Given information>
************
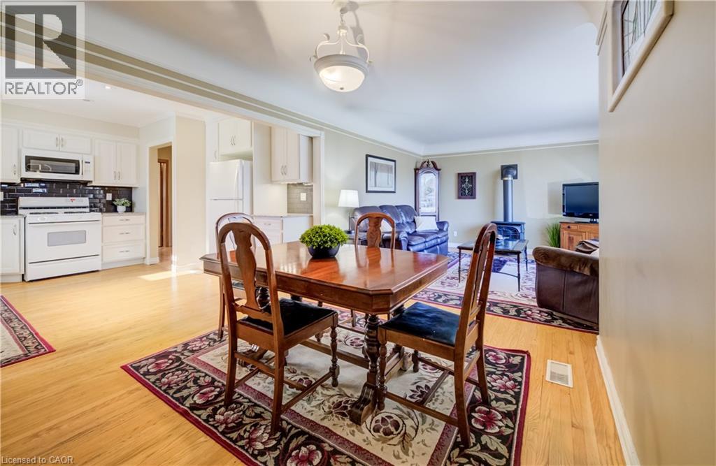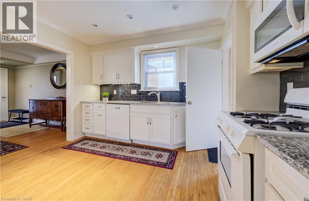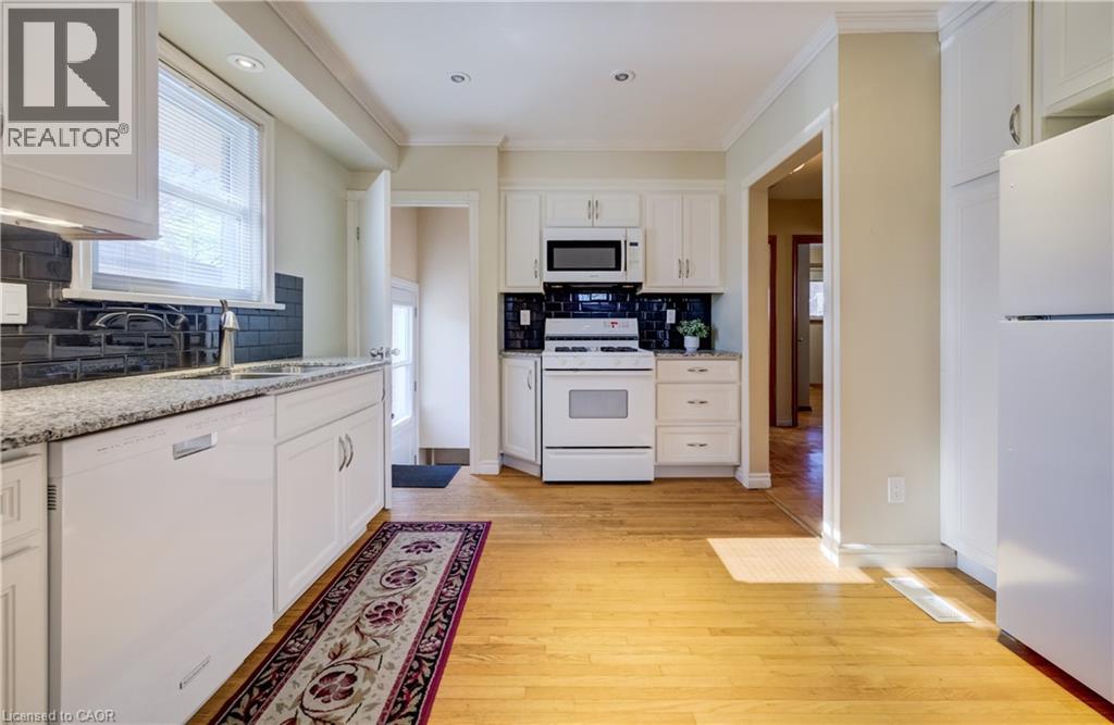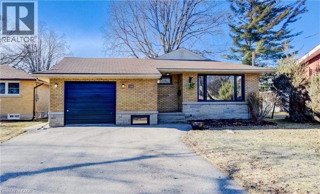 Lovingly maintained and extensively updated, this charming Rosemount bungalow is coming to market for the first time in 40 years! 588 Krug Street sits in an ideal central Kitchener location - surrounded by schools and parks, moments from the expressway, easily accessible by multiple transit routes, and less than 5 minutes driving time from the heart of DTK. Set back on a generously sized 50-foot lot and boasting a fully fenced rear yard and parking for up to five vehicles (one in the attached garage, and four in the private double-wide driveway), this home is also neatly positioned for conversion to an up-down duplex. Aesthetic and mechanical updates are plentiful: from a renovated kitchen with granite countertops and soft-close cabinetry, to updated bathrooms and a newer roof (2020), and from a new high-efficiency gas furnace with heat pump to the upgraded electrical system and wiring, this property presents its new owners with a wonderful opportunity to simply move in and enjoy! The main level plays host to a brightly lit receiving room at the front of the home, just off from an updated kitchen. The gas fireplace here ensures a cozy venue for entertaining, while three bedrooms and a family bath lie tucked away to the rear. Downstairs, you'll find a large, versatile space well set up to continue serving in its current configuration (guest room, kitchenette, and rec room with an additional gas fireplace), or to be converted into a separate downstairs apartment - your vision, your choice! Back upstairs and outside, the fully fenced yard boasts a sizable deck with a hot tub, a freshly poured concrete patio, and an aluminium storage shed. Even more updates and perks include all new windows and doors, gas appliances, a wireless, programable thermostat, and more. This neatly kept and extremely adaptable home won't stick around for long - schedule a tour today! (id:64974)
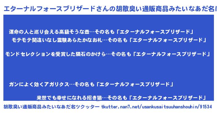 | 男性向けラノベタイトル風あだ名 | 『ノーゲーム・ノーエターナルフォースブリザード』 |
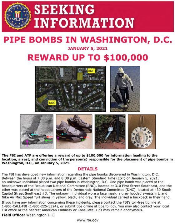 미 연방수사국(FBI)이 의사당 난입 사태 전날 밤 민주당 및 공화당 전국위원회 본부에 사제 폭탄을 설치한 용의자에 현상금 최대 10만달러(약 1억1000만원)를 걸고 수배에 나섰다.
************
Task to carry out>
Leaving every picture out, please copy exactly the lines from the one holding "男性向けラノベタイトル風あだ名 | 『ノーゲーム・ノーエターナルフォースブリザード』 |" through the last line of the listing, both ends included.

Answer for the task>
 | 男性向けラノベタイトル風あだ名 | 『ノーゲーム・ノーエターナルフォースブリザード』 |
 미 연방수사국(FBI)이 의사당 난입 사태 전날 밤 민주당 및 공화당 전국위원회 본부에 사제 폭탄을 설치한 용의자에 현상금 최대 10만달러(약 1억1000만원)를 걸고 수배에 나섰다.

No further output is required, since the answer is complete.